Tale conclusione comporta, nelle sue ulteriori conseguenze, un effetto satisfattorio a favore della P. assorbente
(anche in considerazione della risarcibilità del danno non patrimoniale) di quello che risulterebbe correlato al
riconoscimento di una eventuale concorrente responsabilità da inadempimento contrattuale.
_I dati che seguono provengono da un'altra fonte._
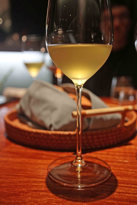 「L'Atelier par Yao」更提供了別出心裁的餐酒服務,入座後侍酒師 Aaron 便會遞上一本像是 KTV 歌單般的酒單,每一頁不同類型的選酒,Aaron 便為它對應了不同歌手的名曲,像是 Adele 的〈I Drink Wine〉就代表了清新明亮的白酒,覺得酒單太複雜了也沒關係,還能告訴 Aaron 自己的喜好讓他為你精心搭配合適的酒款,可選擇3、5、7杯的酒精搭配,或是3、7杯無酒精與有酒精的綜合搭配,完整的無酒精搭配則有4杯。Aaron 的專業為選擇困難的饕客提供了安心又自在的搭配。

Resta quindi privo
di rilevanza il problema dell'affermazione della responsabilità della ricorrente Amministrazione anche ai sensi
dell'art. 1681 c.c. che ha formato oggetto della prima parte della motivazione della impugnata sentenza e che
forma oggetto del primo motivo dell'attuale ricorso, con specifico riferimento alla questione relativa alla
prescrizione dell'azione contrattuale.
Si fa luogo pertanto al rigetto del ricorso, al quale consegue la condanna della parte ricorrente e soccombente al
rimborso, in favore della intimata resistente, delle spese del presente giudizio, nella misura indicata nel
dispositivo.
P.Q.M.
la Corte rigetta il ricorso; e condanna la parte ricorrente al rimborso in favore di P.P. delle spese del presente
giudizio liquidate in lire 300.000 oltre lire 3.000.000 per onorari.